Write the time-series data of all current IOSequence objects at once to data file(s).

See the main documentation on class HydPy for further information.

save_modelseries() None[source]

An alternative method for save_modelseries() specialised for model sequences.

save_inputseries() None[source]

An alternative method for save_modelseries() specialised for model input sequences.

save_factorseries() None[source]

An alternative method for save_modelseries() specialised for model factor sequences.

save_fluxseries() None[source]

An alternative method for save_modelseries() specialised for model flux sequences.

save_stateseries() None[source]

An alternative method for save_modelseries() specialised for model state sequences.

save_nodeseries() None[source]

An alternative method for save_modelseries() specialised for node sequences.

save_simseries() None[source]

An alternative method for save_modelseries() specialised for simulation sequences of nodes.

save_obsseries() None[source]

An alternative method for save_modelseries() specialised for observation sequences of nodes.

load_allseries() None[source]

Read the time-series data of all current IOSequence objects at once from data file(s).

See the main documentation on class HydPy for further information.

load_modelseries() None[source]

An alternative method for load_modelseries() specialised for model sequences.

load_inputseries() None[source]

An alternative method for load_modelseries() specialised for model input sequences.

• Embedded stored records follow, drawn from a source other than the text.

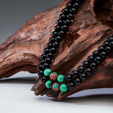 Protection Energy Obsidian and Turquoise Mala 108 Mala Beads
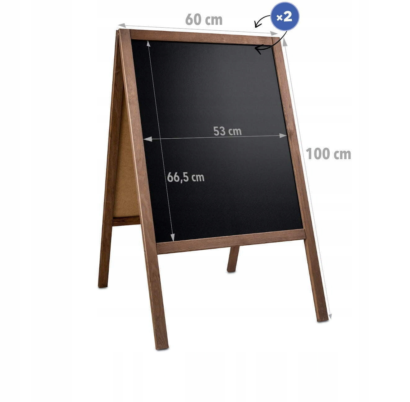 Доска деревянная двухсторонняя с дощечками для рисования мелом площадью 53 х 66,5 см. Общий размер доски 60х100 см.
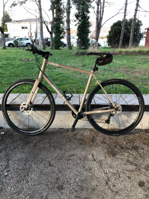 Et personnellement petit un regret, un seul dont je suis entièrement responsable, le choix délibéré d’un cintre droit qui certes apporte plus de confort sur petites distances et en agglomération mais ne remplace pas les avantages du cintre route sur moyennes et longues distances."
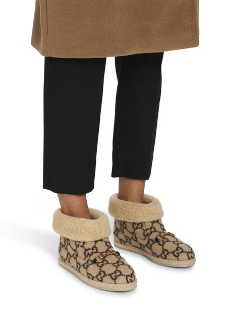 Made from wool and embellished with GG logos, the Gucci Fria boots rework the classic ankle boot. The Italian designer incorporates its iconic horsebit on the front of the foot.

load_factorseries() None[source]

An alternative method for load_modelseries() specialised for model factor sequences.

load_fluxseries() None[source]

An alternative method for load_modelseries() specialised for model flux sequences.

load_stateseries() None[source]

An alternative method for load_modelseries() specialised for model state sequences.

load_nodeseries() None[source]

An alternative method for load_modelseries() specialised for node sequences.

load_simseries() None[source]

An alternative method for load_modelseries() specialised for simulation sequences of nodes.

load_obsseries() None[source]

An alternative method for load_modelseries() specialised for observation sequences of nodes.

hydpy.core.hydpytools.create_directedgraph(devices: HydPy | Selection) DiGraph[source]

Create a directed graph based on the given devices.